Your copy should hold the lines below from the first through the one that contains "Ajax relies on", each retyped exactly, and no pictures.
*** COLLECTED MATERIAL ***
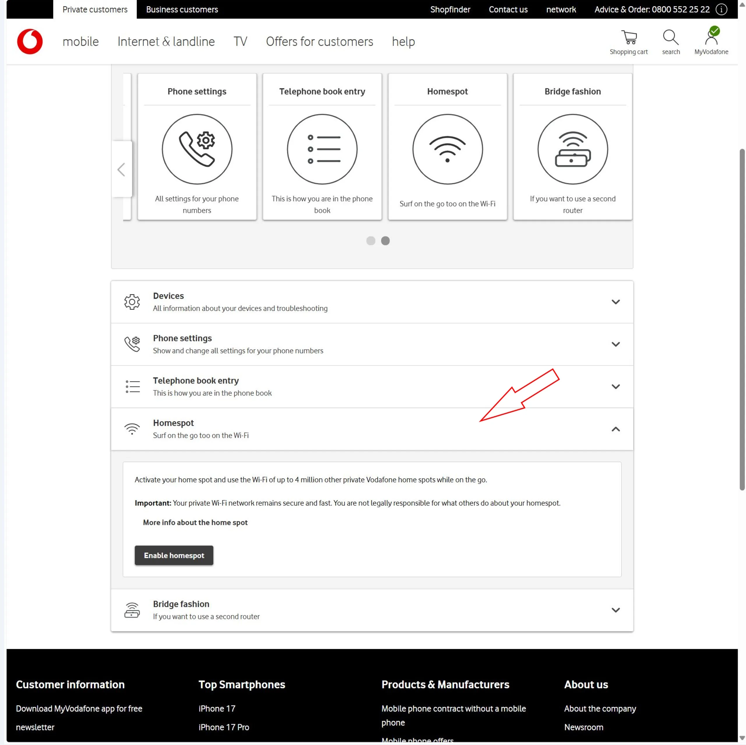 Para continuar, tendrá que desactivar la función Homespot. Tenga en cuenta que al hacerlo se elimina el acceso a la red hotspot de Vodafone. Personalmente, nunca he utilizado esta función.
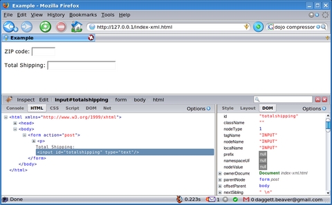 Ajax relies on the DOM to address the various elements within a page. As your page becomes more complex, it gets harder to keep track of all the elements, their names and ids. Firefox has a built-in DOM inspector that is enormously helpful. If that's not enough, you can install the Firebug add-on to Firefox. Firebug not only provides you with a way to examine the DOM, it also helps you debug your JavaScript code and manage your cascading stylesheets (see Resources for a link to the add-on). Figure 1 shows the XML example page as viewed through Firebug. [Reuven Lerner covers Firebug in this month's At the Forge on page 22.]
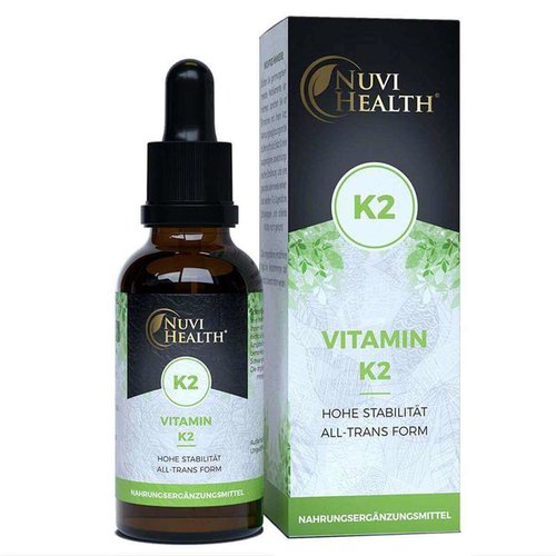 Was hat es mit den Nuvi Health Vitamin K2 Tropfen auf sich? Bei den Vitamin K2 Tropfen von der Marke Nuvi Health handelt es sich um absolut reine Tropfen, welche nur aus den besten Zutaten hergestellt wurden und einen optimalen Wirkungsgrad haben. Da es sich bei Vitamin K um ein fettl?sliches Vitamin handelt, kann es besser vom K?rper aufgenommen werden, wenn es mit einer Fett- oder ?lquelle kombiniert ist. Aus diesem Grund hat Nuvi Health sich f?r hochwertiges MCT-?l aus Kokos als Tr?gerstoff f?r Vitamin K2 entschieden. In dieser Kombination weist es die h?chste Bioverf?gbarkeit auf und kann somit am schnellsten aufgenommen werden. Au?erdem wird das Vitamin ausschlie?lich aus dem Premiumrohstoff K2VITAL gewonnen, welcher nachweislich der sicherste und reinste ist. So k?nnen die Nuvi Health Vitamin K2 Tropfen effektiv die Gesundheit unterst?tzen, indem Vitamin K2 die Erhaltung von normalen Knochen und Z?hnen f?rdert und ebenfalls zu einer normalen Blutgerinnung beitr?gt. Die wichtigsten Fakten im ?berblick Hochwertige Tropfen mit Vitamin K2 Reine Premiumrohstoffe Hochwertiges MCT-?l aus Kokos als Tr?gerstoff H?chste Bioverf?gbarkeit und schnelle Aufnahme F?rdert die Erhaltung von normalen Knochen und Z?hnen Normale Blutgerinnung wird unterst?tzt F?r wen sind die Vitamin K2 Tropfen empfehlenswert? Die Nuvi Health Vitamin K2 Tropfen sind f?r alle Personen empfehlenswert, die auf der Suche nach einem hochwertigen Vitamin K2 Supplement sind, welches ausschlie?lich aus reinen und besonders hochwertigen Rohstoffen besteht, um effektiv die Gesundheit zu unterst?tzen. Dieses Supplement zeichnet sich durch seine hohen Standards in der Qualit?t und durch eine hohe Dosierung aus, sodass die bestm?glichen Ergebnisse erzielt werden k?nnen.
*** End of COLLECTED MATERIAL ***
> EXERCISE ANSWER
 Para continuar, tendrá que desactivar la función Homespot. Tenga en cuenta que al hacerlo se elimina el acceso a la red hotspot de Vodafone. Personalmente, nunca he utilizado esta función.
 Ajax relies on the DOM to address the various elements within a page. As your page becomes more complex, it gets harder to keep track of all the elements, their names and ids. Firefox has a built-in DOM inspector that is enormously helpful. If that's not enough, you can install the Firebug add-on to Firefox. Firebug not only provides you with a way to examine the DOM, it also helps you debug your JavaScript code and manage your cascading stylesheets (see Resources for a link to the add-on). Figure 1 shows the XML example page as viewed through Firebug. [Reuven Lerner covers Firebug in this month's At the Forge on page 22.]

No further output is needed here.